Write out the records that follow exactly. Do not include pictures.
+-------+
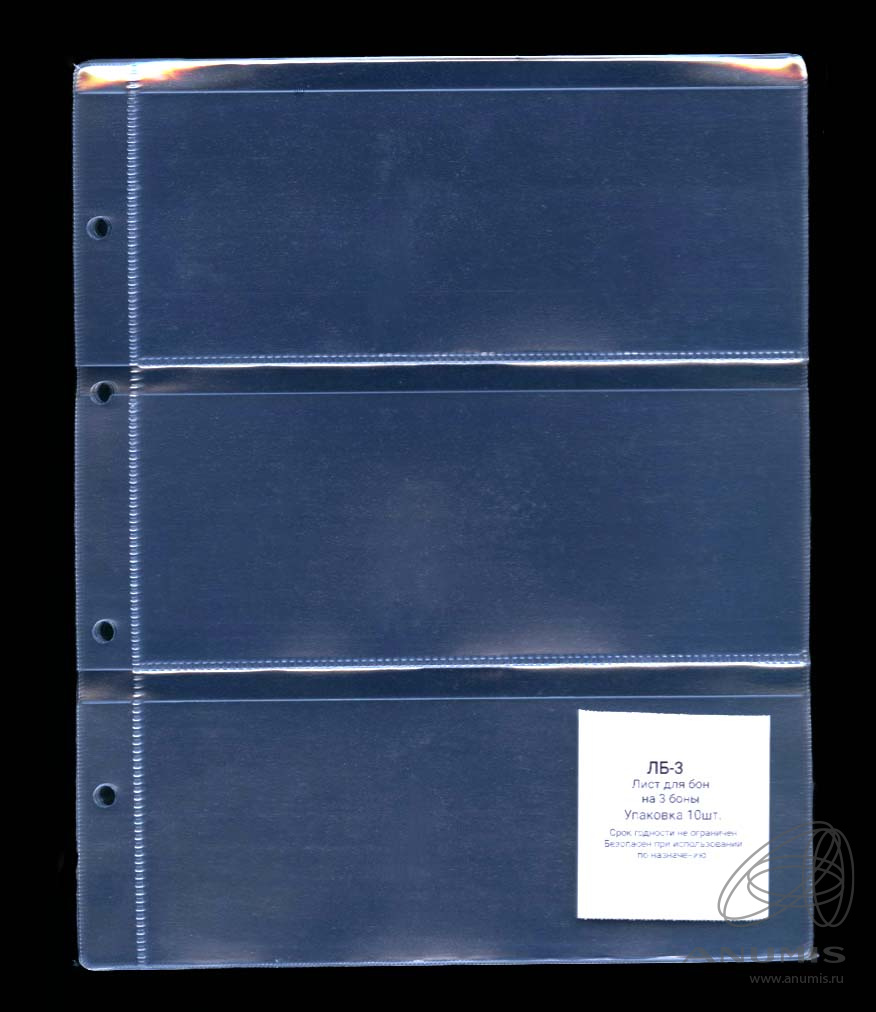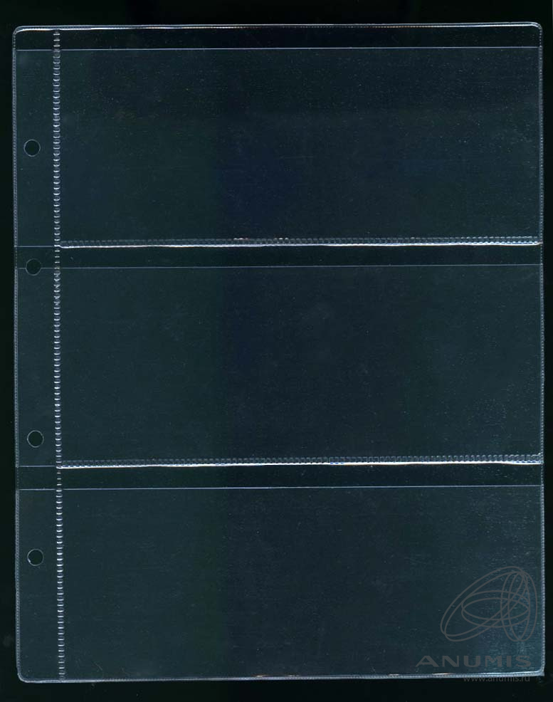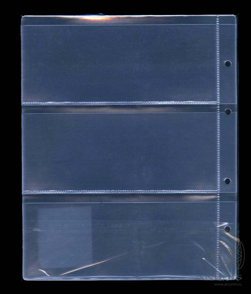 Листы для коллекционного материала в альбом Optima, на 3 банкноты (боны). Упаковка 10 шт. Размер 250×200 мм
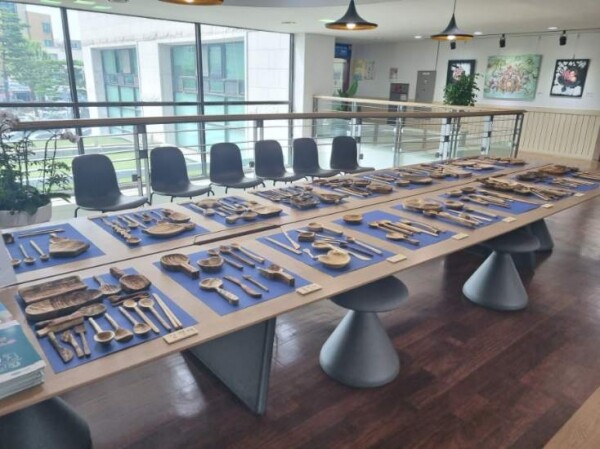 이번 전시회에는 수강생들이 직접 만든 나무수저·포크·나이프·접시 등 작품 180여 점이 전시됐다.
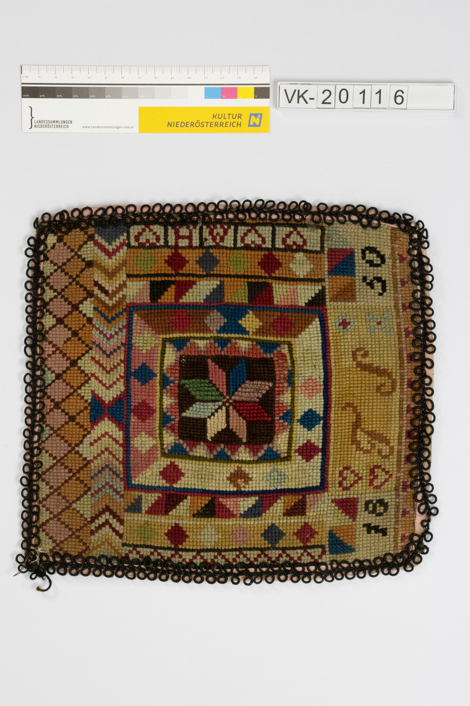 Annähernd quadratisches Tuch, vollflächig, mehrfärbig mit geometrischen Mustern, in der Mitte einem Sternmotiv, dazu Herzchen und "18 TS 50". Das Tuch ist rosa gefasst, an der Rückseite mit braunem Leinen besetzt, und hat umlaufend eine schwarzbraune Posamentrieschleifenborte.
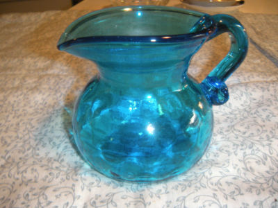 Vintage 40's/50's ANCHOR HOCKING? BLUE GLASS Small Pitcher
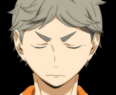 Haikyuu's Sugawara with a concerned expression, eyes closed, appearing to sigh or think deeply.
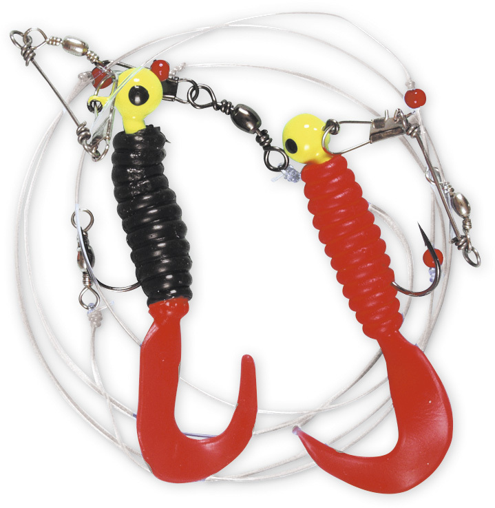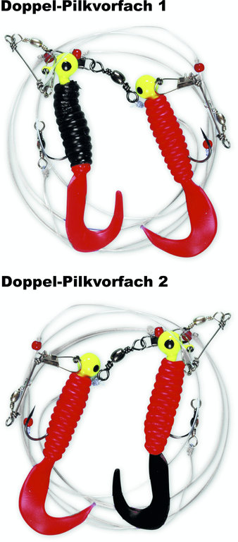 Dieses Doppel-Twister-Vorfach besteht aus zwei roten 6,5cm großen Twistern, welche an einer 0,65mm starken Vorfachschnur montiert sind. Das Vorfach ist an einer 0,70mm starken Hauptschnur befestigt. Die Hakengröße des Vorfaches ist 3/0.
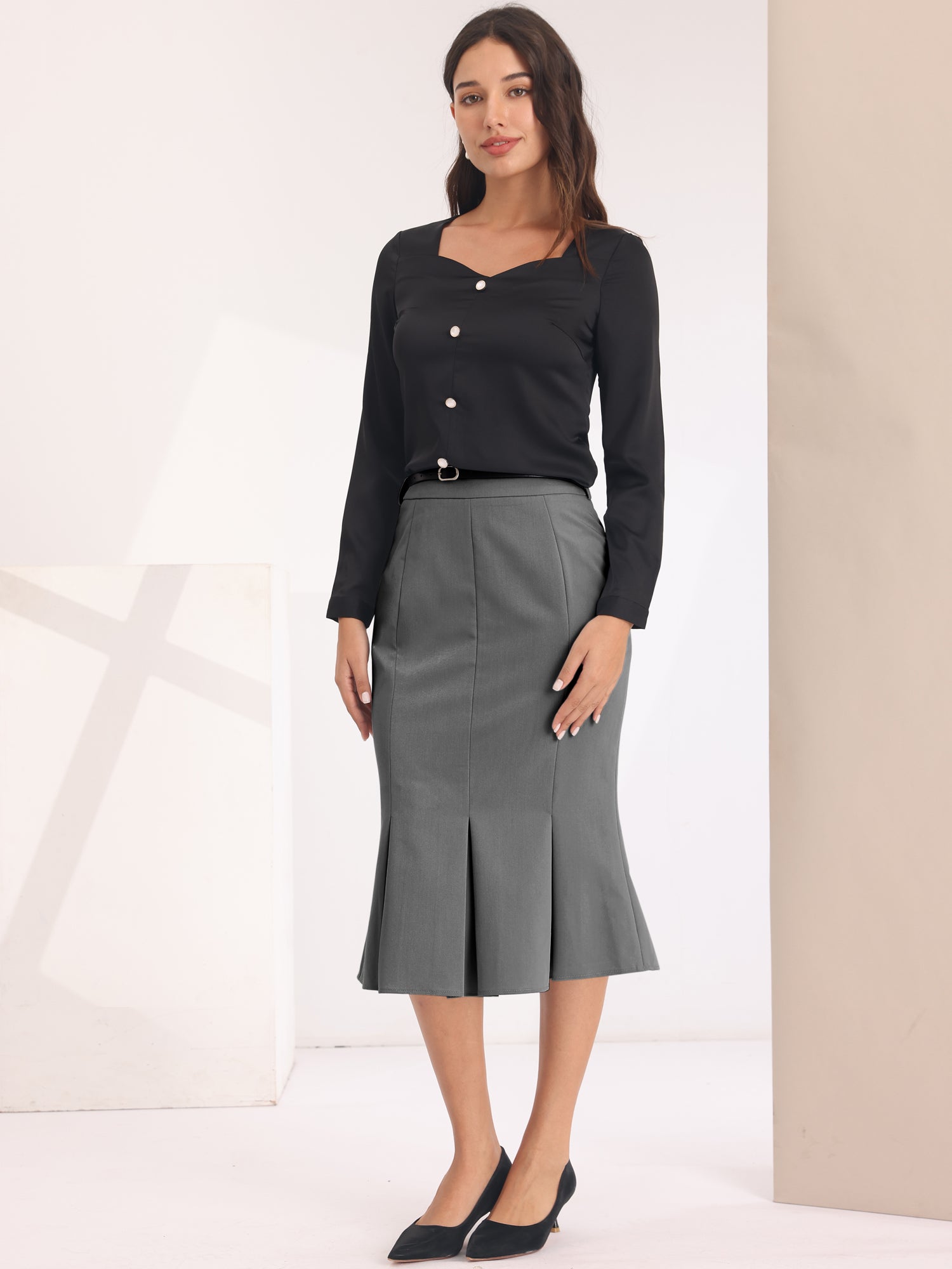 Women's Elegant Formal Skirt with Belt Knee Length Fishtail Pencil Skirt
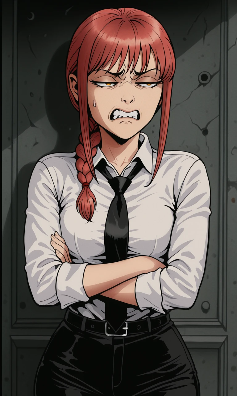 cringe, half-closed eyes, clenched teeth
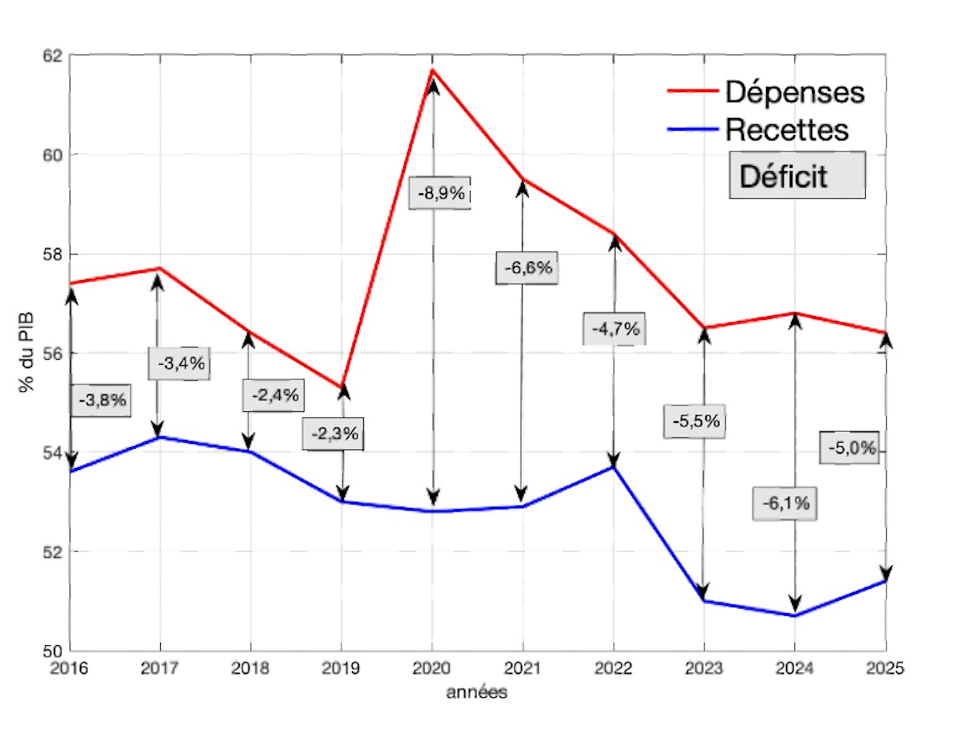 Ces réductions de dépenses s’accompagnent d’une augmentation de 19,3 Md€ des prélèvements. En 2025, le gouvernement dépensera 56,4 % du PIB (contre 56,8 % en 2024) et collectera des recettes à hauteur de 51,4 % du PIB (contre 50,7 % en 2024).
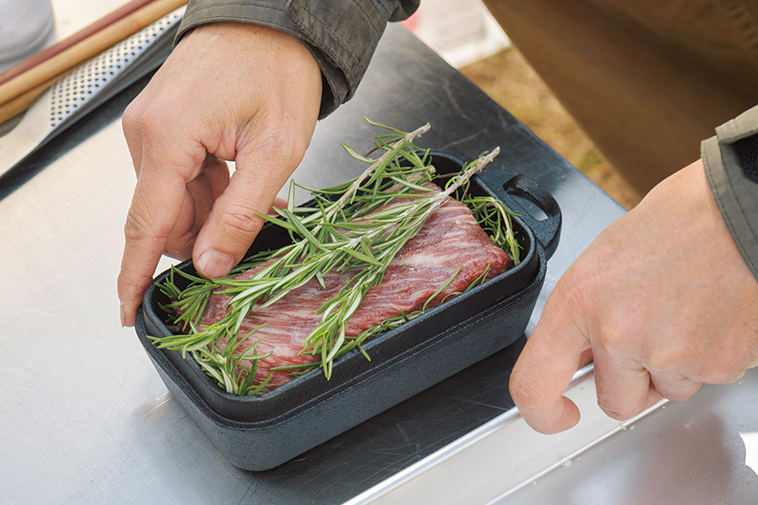 2.牛肉を覆うようにたっぷりとローズマリーを入れ、フタをして上下火でローストする。
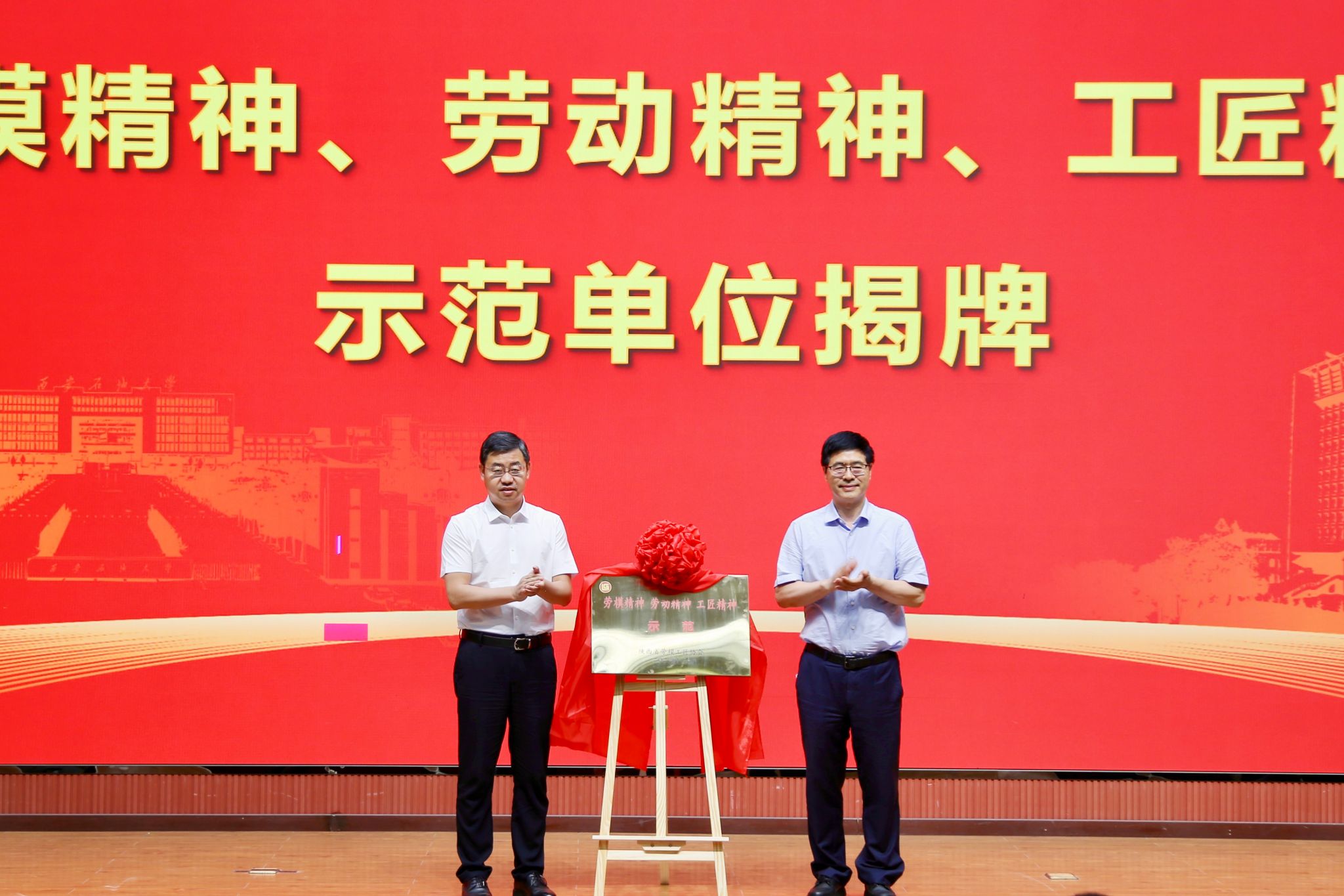 儀式上,張向陽宣讀了《關(guān)于授予“西安石油大學鐵人王進喜紀念館”“勞模精神、勞動精神、工匠精神”示范單位的通報》。
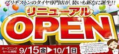 当店WEBをご覧いただき誠にありがとうございます。 【タイヤ館岩出】では只今【リニューアルオープンセール】を大好評開催中です。 10月1日(日)までですが景品もまだもう少し残っていますのでタイヤを買うなら 今がチャンス!! 皆様のご来店お待ちいたしております。
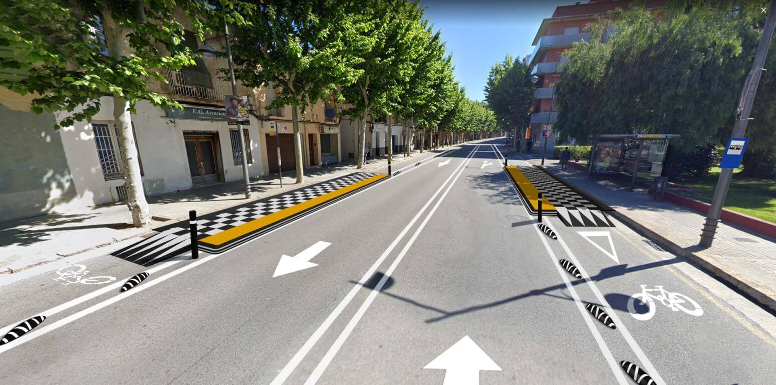 En el tram d’un quilòmetre entre que va des del carrer d’en Prim fins al carrer del Torrent de Vallmajor, es farà un carril bici bidireccional segregat i separat segons el sentit amb peces separadores. La disposició final de la calçada en aquest tram serà: carril bici, carril de circulació, carril de circulació i carril bici.
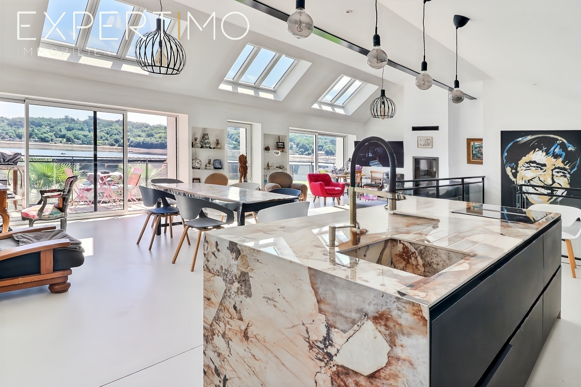 L’étage accueille les espaces de réception, volontairement positionnés en hauteur afin d’embrasser pleinement le panorama. La pièce de vie, aux proportions généreuses, s’ouvre largement par de vastes baies vitrées sur un balcon filant. La lumière y est omniprésente, et la vue, spectaculaire, se déploie sans obstacle du pont de Plougastel jusqu’au passage de la Cale. Une cheminée contemporaine vient structurer l’espace salon, tandis que la cuisine, élégamment intégrée, se distingue par son îlot central et ses équipements haut de gamme.
+-------+
- Exercise output
 Листы для коллекционного материала в альбом Optima, на 3 банкноты (боны). Упаковка 10 шт. Размер 250×200 мм
 이번 전시회에는 수강생들이 직접 만든 나무수저·포크·나이프·접시 등 작품 180여 점이 전시됐다.
 Annähernd quadratisches Tuch, vollflächig, mehrfärbig mit geometrischen Mustern, in der Mitte einem Sternmotiv, dazu Herzchen und "18 TS 50". Das Tuch ist rosa gefasst, an der Rückseite mit braunem Leinen besetzt, und hat umlaufend eine schwarzbraune Posamentrieschleifenborte.
 Vintage 40's/50's ANCHOR HOCKING? BLUE GLASS Small Pitcher
 Haikyuu's Sugawara with a concerned expression, eyes closed, appearing to sigh or think deeply.
 Dieses Doppel-Twister-Vorfach besteht aus zwei roten 6,5cm großen Twistern, welche an einer 0,65mm starken Vorfachschnur montiert sind. Das Vorfach ist an einer 0,70mm starken Hauptschnur befestigt. Die Hakengröße des Vorfaches ist 3/0.
 Women's Elegant Formal Skirt with Belt Knee Length Fishtail Pencil Skirt
 cringe, half-closed eyes, clenched teeth
 Ces réductions de dépenses s’accompagnent d’une augmentation de 19,3 Md€ des prélèvements. En 2025, le gouvernement dépensera 56,4 % du PIB (contre 56,8 % en 2024) et collectera des recettes à hauteur de 51,4 % du PIB (contre 50,7 % en 2024).
 2.牛肉を覆うようにたっぷりとローズマリーを入れ、フタをして上下火でローストする。
 儀式上,張向陽宣讀了《關(guān)于授予“西安石油大學鐵人王進喜紀念館”“勞模精神、勞動精神、工匠精神”示范單位的通報》。
 当店WEBをご覧いただき誠にありがとうございます。 【タイヤ館岩出】では只今【リニューアルオープンセール】を大好評開催中です。 10月1日(日)までですが景品もまだもう少し残っていますのでタイヤを買うなら 今がチャンス!! 皆様のご来店お待ちいたしております。
 En el tram d’un quilòmetre entre que va des del carrer d’en Prim fins al carrer del Torrent de Vallmajor, es farà un carril bici bidireccional segregat i separat segons el sentit amb peces separadores. La disposició final de la calçada en aquest tram serà: carril bici, carril de circulació, carril de circulació i carril bici.
 L’étage accueille les espaces de réception, volontairement positionnés en hauteur afin d’embrasser pleinement le panorama. La pièce de vie, aux proportions généreuses, s’ouvre largement par de vastes baies vitrées sur un balcon filant. La lumière y est omniprésente, et la vue, spectaculaire, se déploie sans obstacle du pont de Plougastel jusqu’au passage de la Cale. Une cheminée contemporaine vient structurer l’espace salon, tandis que la cuisine, élégamment intégrée, se distingue par son îlot central et ses équipements haut de gamme.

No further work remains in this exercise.